Welcome to our bi-monthly blog where members of the WISE Within community share insights and their WISE Within experience.


 

June 1, 2014

Strength In Numbers


Every WISE Within pairing is an opportunity to learn, whether you’re the mentor or the mentee. As someone fascinated by life coaching and career mentorship, I had had a variety of experiences with both before joining WISE. During all of those experiences, I was on the receiving end of mentorship, so in 2012, when I was accepted into the WISE Within program as a mentee, I thought it would be a similar process that would carry me through a rough career patch.

What I wasn’t expecting was the camaraderie and support system that the group sessions offered. It inspired me — and still does today — that so many women would give so freely of their time, knowledge, experience and network to help other women through career transitions. We shared stories, laughed and even cried in our sessions, and there were inspirational guest speakers who shared how they overcame adversity.

Despite differences in age, career paths, titles and development, we learned from each other in unexpected ways. We offered advice on how to deal with such challenging situations as reaching that next job title and working with a passive-aggressive boss or co-worker. We forged a community the way only women know how. (If you’re involved in WISE Within, or thinking of participating, be sure to attend the group sessions. It’s an understatement to say it’s worth moving whatever you have that night to attend.)

In 2013, when I was approached about mentoring, I jumped at the chance to give back even just a little of that experience in return. That’s when I was paired up with a young woman who had so much fire and passion and just needed direction.
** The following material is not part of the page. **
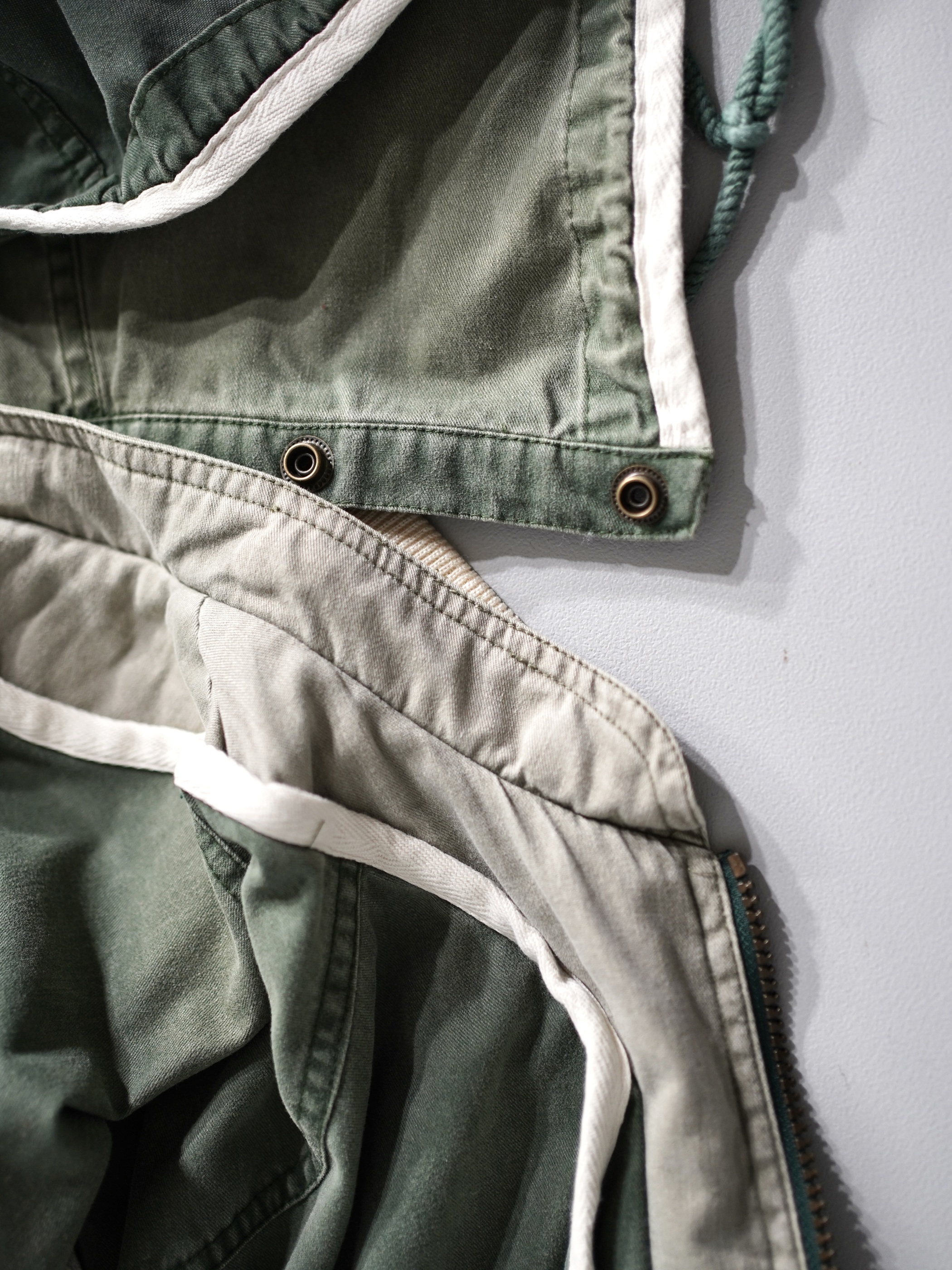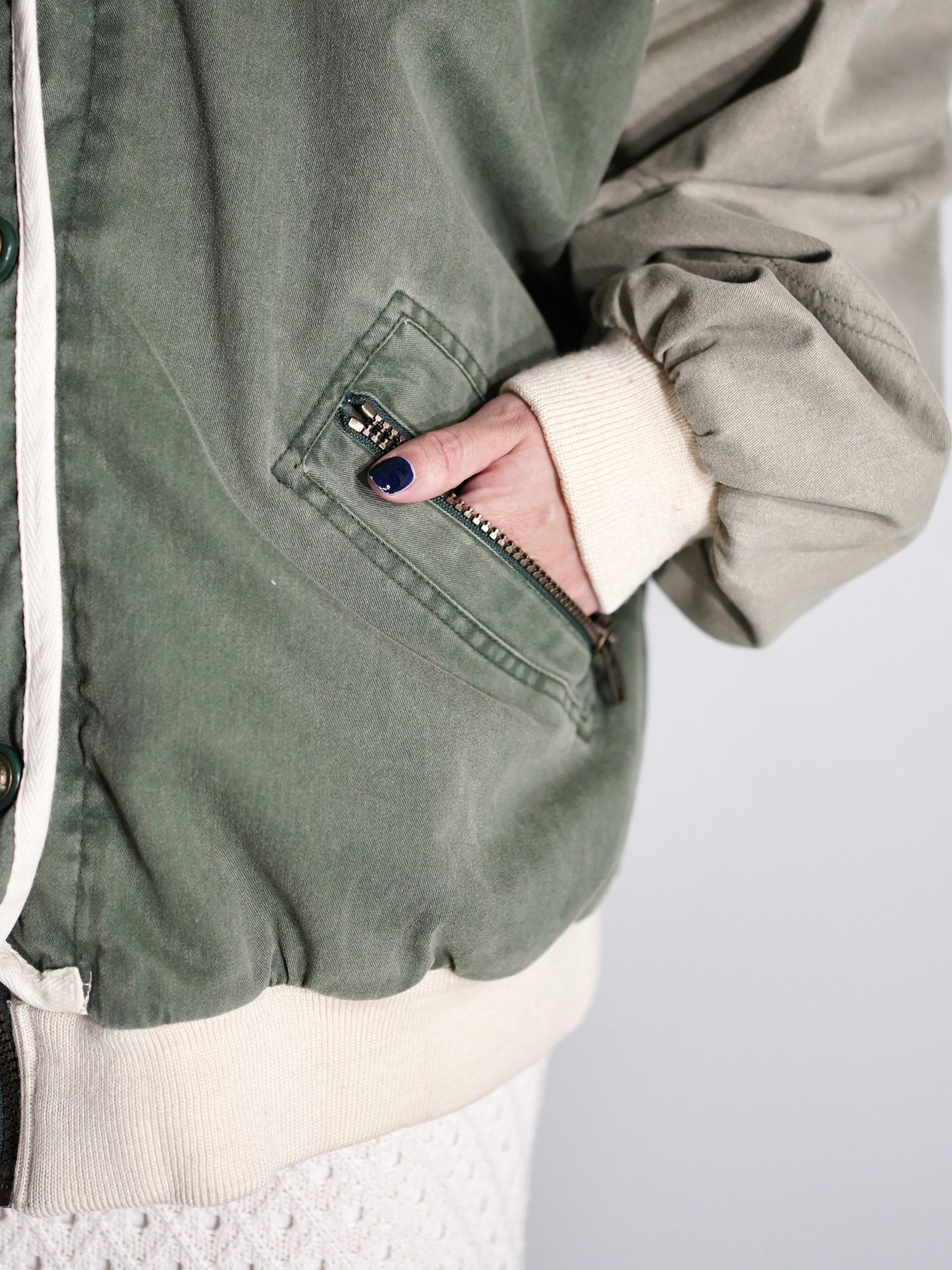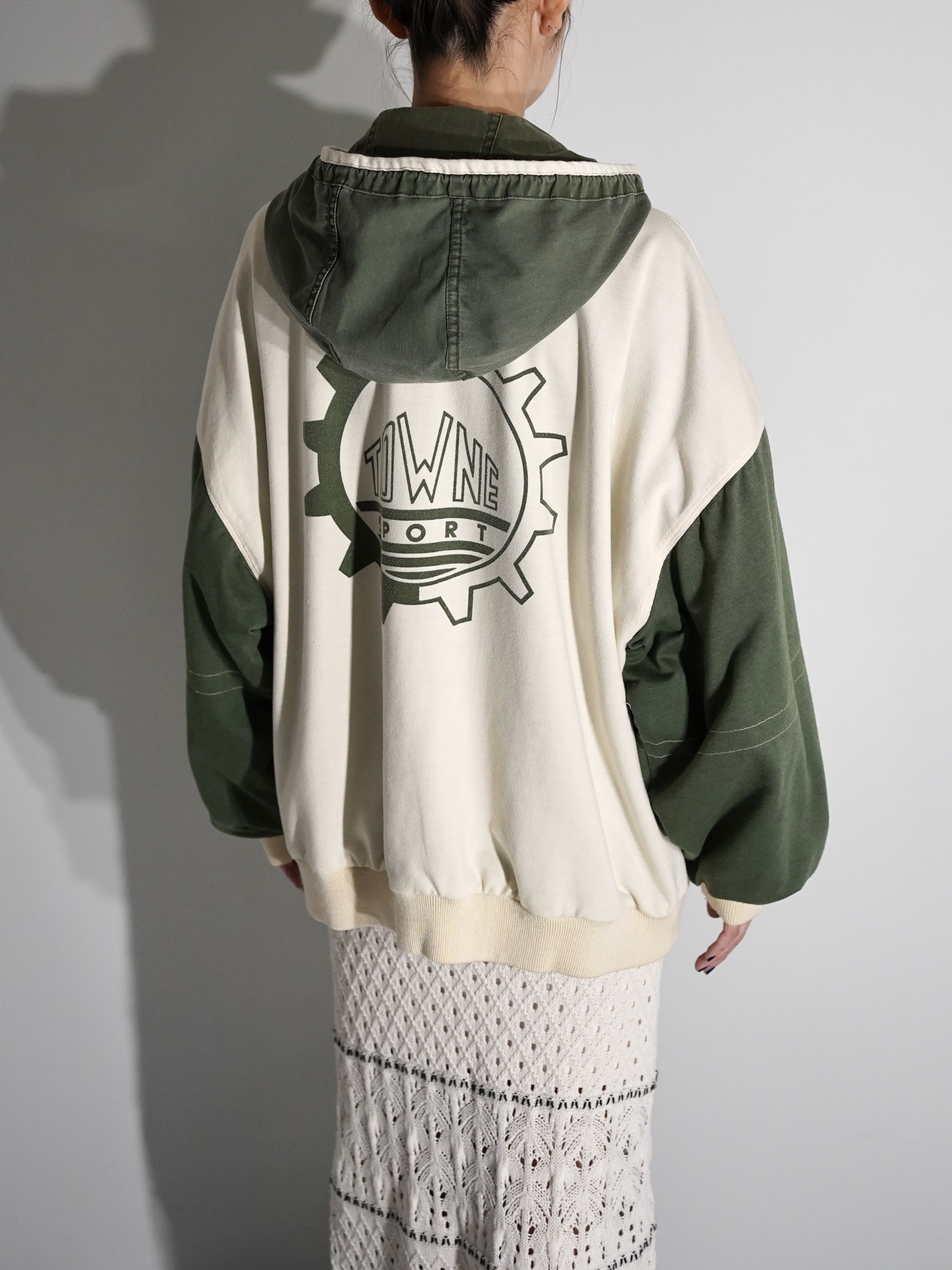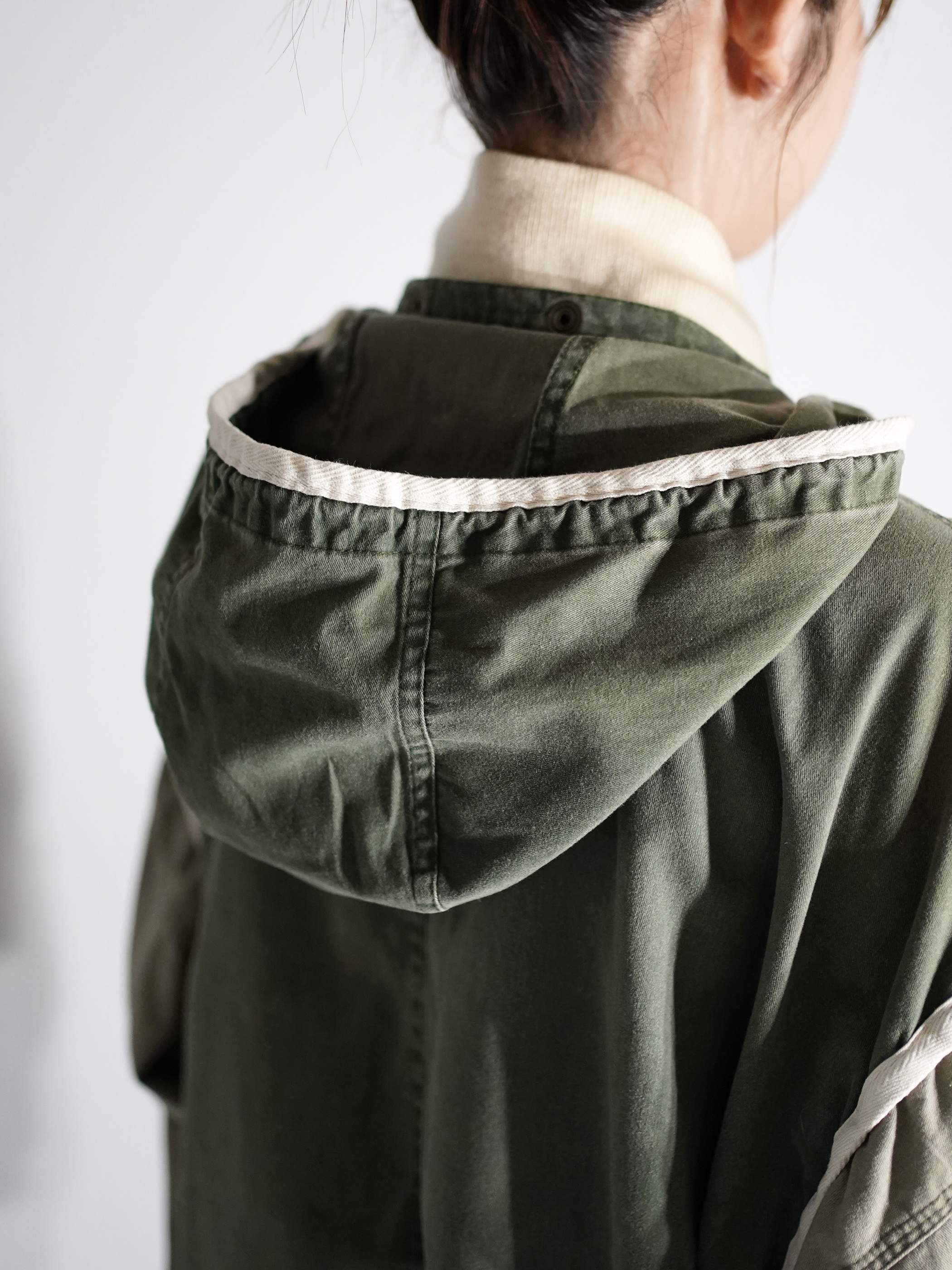 グリーンとオフホワイトの2トーンカラーで統一しつつも、両面でガラッと印象を変えるギミックジャケット

While I thought I was the one mentoring, she taught me about making sacrifices for one’s family. She shared her frustrations and her aspirations, both of which touched me personally. I looked forward to our lunches, where we had candid conversations about the sports industry and dove into what motivated her. In the end, the career path she sought wasn’t what she wanted after all — and that’s OK. That’s part of the process. It’s as much about learning about oneself as it is finding a path. Our talks prompted me to be more introspective on long-term goals and what I am willing to sacrifice.